Top of Extracted material

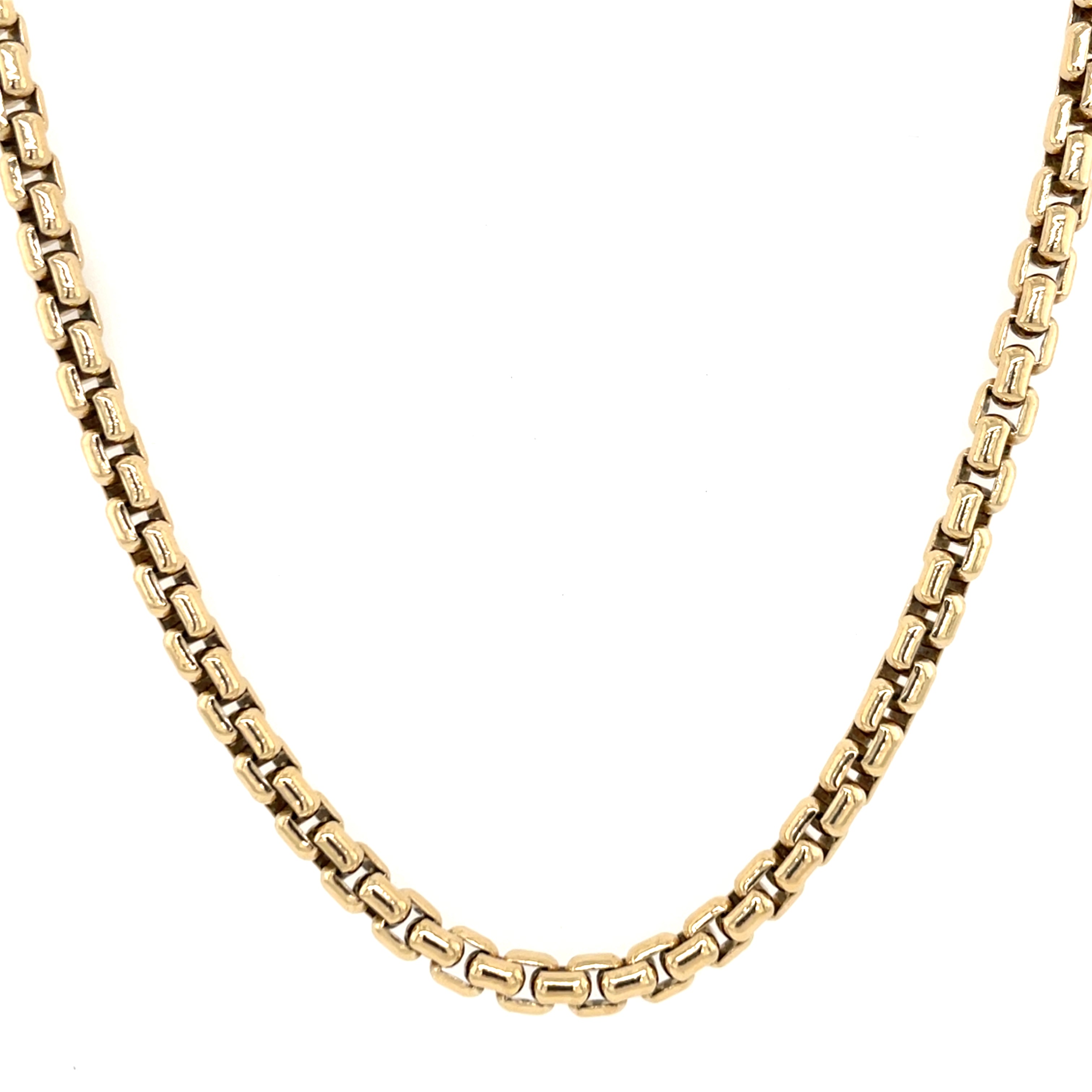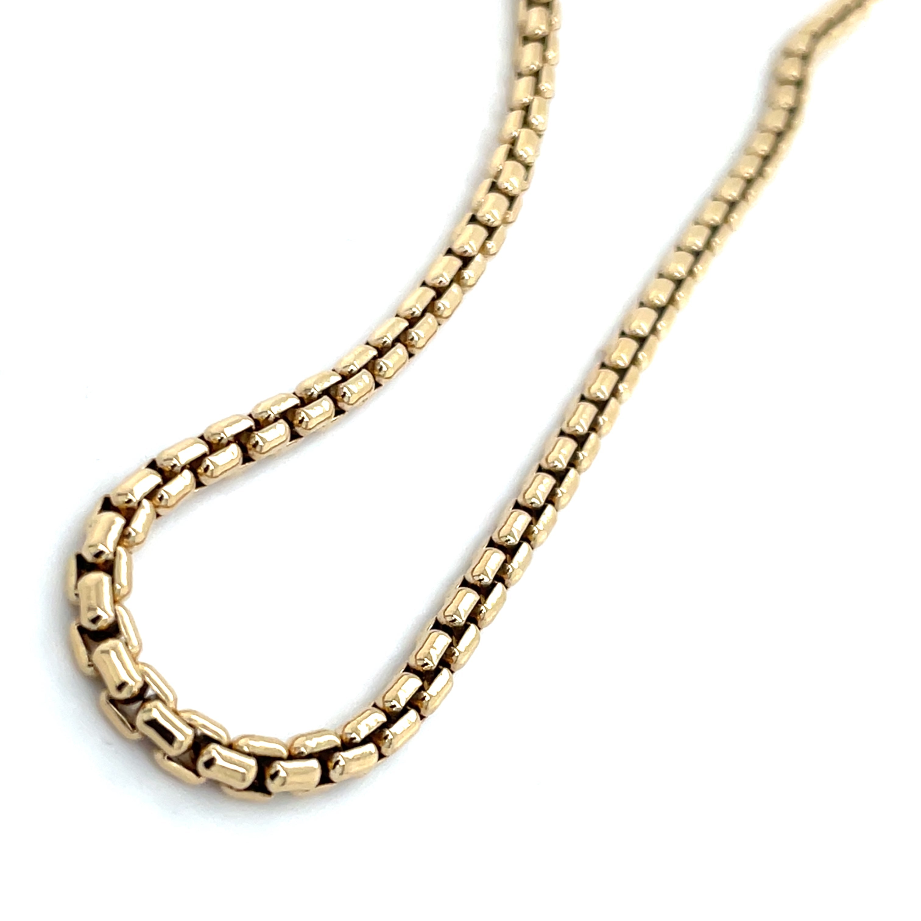 This vintage 9ct yellow gold necklace features a sturdy box chain design composed of heavy, solid gold links. Measuring 46cm (18 inches) in length, it combines strength and elegance. The secure catch ensures safe wear, making this piece a refined choice for those who value classic craftsmanship and lasting quality in fine gold jewellery.
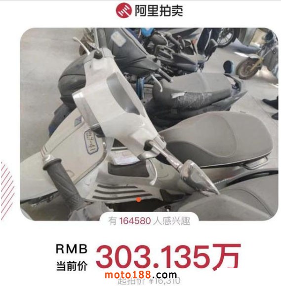 拍賣作為摩托車的關(guān)鍵詞還是頭一回,一輛京A牌照的二手車在阿里司法拍賣網(wǎng)上拍賣,從一開始就吸引住了吃瓜群眾的眼球,一萬(wàn)多元的起拍價(jià)一路飚升,二十萬(wàn)、五十萬(wàn)、一百萬(wàn)、二百萬(wàn)... ...直至303萬(wàn)才停了下來(lái),當(dāng)外行看不懂的時(shí)候,早已有人爆料內(nèi)幕所在,這既是對(duì)禁限摩的嘲諷,也是黃牛運(yùn)用規(guī)則的炫耀,當(dāng)然,也帶火了一個(gè)大貿(mào)品牌——VESPA,這個(gè)曾經(jīng)還只是高端踏板人群才知道的品牌一夜盡人皆知!
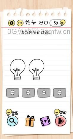 请点亮所有灯泡是谜题急转弯 《BrainTest》第80关的问题,很多网友不知道答案是什么,下面小编给大家带来谜题急转弯 《BrainTest》第80关攻略。
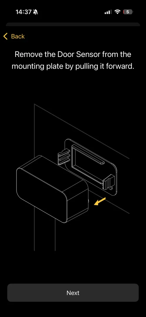 Vous pouvez recalibrer le capteur à tout moment depuis l’application. Rendez-vous dans les paramètres de l’accessoire, sélectionnez « Calibrate Nuki Door Sensor », puis suivez les instructions en ouvrant et fermant votre porte. L’opération prend moins d’une minute.
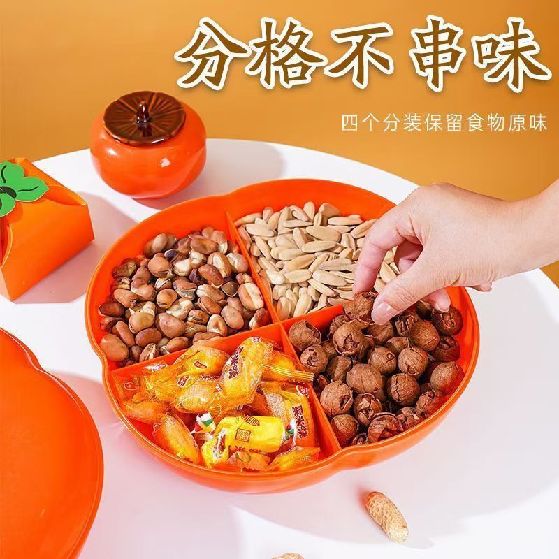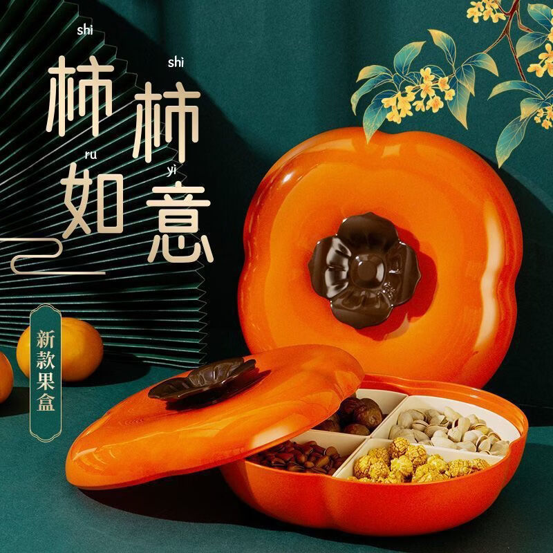首饰盒 新款柿柿如意果盘干果盒家用坚果盘节日装零食水果盘带盖 新款分格果盘【1个】
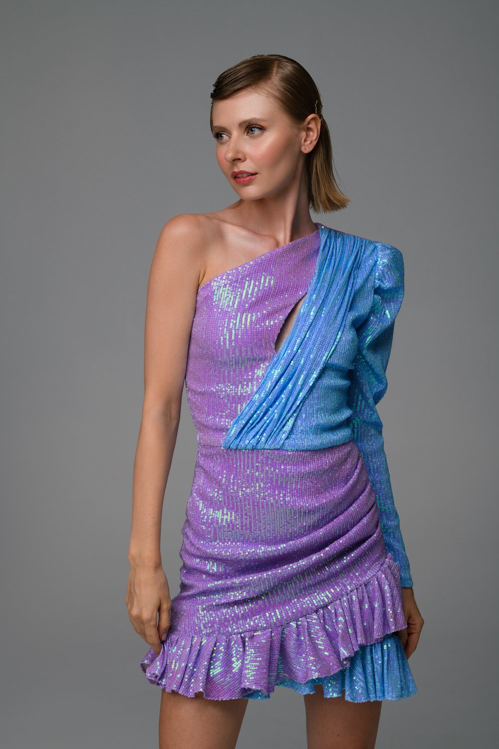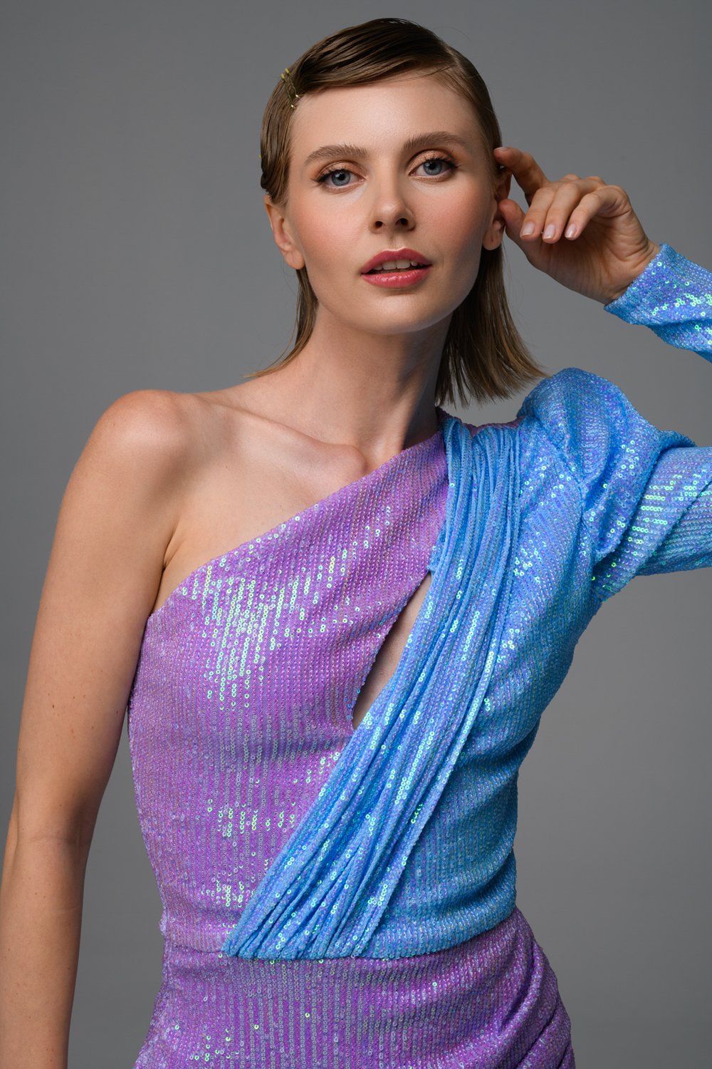 Lila ve mavinin ışıltılı degrade geçişiyle öne çıkan bu tek omuz mini elbise, modern ve çekici bir siluet sunar. Likralı yapısı bedeni zarifçe sararken, astarlı formu iç göstermez ve konforlu bir kullanım sağlar. Tek omuz detayıyla feminen görünüme güçlü bir vurgu katarken, özel geceler ve davetlerde dikkatleri üzerine çeken bir şıklık yaratır.
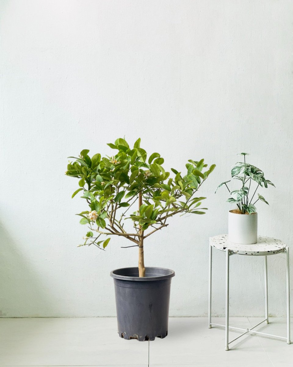 The lemon tree (Citrus limon) is a compact evergreen known for its glossy leaves and fragrant white flowers. Its vibrant yellow lemons are visually appealing and prized for their refreshing taste and culinary versatility. Ideal for smaller gardens, patios, or indoor cultivation, this tree brings citrus joy to any space, offering beauty and the potential for homegrown lemons year-round.
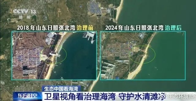 把好入海“闸门”,通过遥感影像对比,在山东日照张北湾,我们看到沿岸的非法排污口“消失”了。结合智慧管控系统等科技手段,现在,张北湾入海排污口整治率、达标率,近岸海域水质优良比例均为100%。

Bottom of Extracted material

Copy every record exactly, without the pictures.

 This vintage 9ct yellow gold necklace features a sturdy box chain design composed of heavy, solid gold links. Measuring 46cm (18 inches) in length, it combines strength and elegance. The secure catch ensures safe wear, making this piece a refined choice for those who value classic craftsmanship and lasting quality in fine gold jewellery.
 拍賣作為摩托車的關(guān)鍵詞還是頭一回,一輛京A牌照的二手車在阿里司法拍賣網(wǎng)上拍賣,從一開始就吸引住了吃瓜群眾的眼球,一萬(wàn)多元的起拍價(jià)一路飚升,二十萬(wàn)、五十萬(wàn)、一百萬(wàn)、二百萬(wàn)... ...直至303萬(wàn)才停了下來(lái),當(dāng)外行看不懂的時(shí)候,早已有人爆料內(nèi)幕所在,這既是對(duì)禁限摩的嘲諷,也是黃牛運(yùn)用規(guī)則的炫耀,當(dāng)然,也帶火了一個(gè)大貿(mào)品牌——VESPA,這個(gè)曾經(jīng)還只是高端踏板人群才知道的品牌一夜盡人皆知!
 请点亮所有灯泡是谜题急转弯 《BrainTest》第80关的问题,很多网友不知道答案是什么,下面小编给大家带来谜题急转弯 《BrainTest》第80关攻略。
 Vous pouvez recalibrer le capteur à tout moment depuis l’application. Rendez-vous dans les paramètres de l’accessoire, sélectionnez « Calibrate Nuki Door Sensor », puis suivez les instructions en ouvrant et fermant votre porte. L’opération prend moins d’une minute.
首饰盒 新款柿柿如意果盘干果盒家用坚果盘节日装零食水果盘带盖 新款分格果盘【1个】
 Lila ve mavinin ışıltılı degrade geçişiyle öne çıkan bu tek omuz mini elbise, modern ve çekici bir siluet sunar. Likralı yapısı bedeni zarifçe sararken, astarlı formu iç göstermez ve konforlu bir kullanım sağlar. Tek omuz detayıyla feminen görünüme güçlü bir vurgu katarken, özel geceler ve davetlerde dikkatleri üzerine çeken bir şıklık yaratır.
 The lemon tree (Citrus limon) is a compact evergreen known for its glossy leaves and fragrant white flowers. Its vibrant yellow lemons are visually appealing and prized for their refreshing taste and culinary versatility. Ideal for smaller gardens, patios, or indoor cultivation, this tree brings citrus joy to any space, offering beauty and the potential for homegrown lemons year-round.
 把好入海“闸门”,通过遥感影像对比,在山东日照张北湾,我们看到沿岸的非法排污口“消失”了。结合智慧管控系统等科技手段,现在,张北湾入海排污口整治率、达标率,近岸海域水质优良比例均为100%。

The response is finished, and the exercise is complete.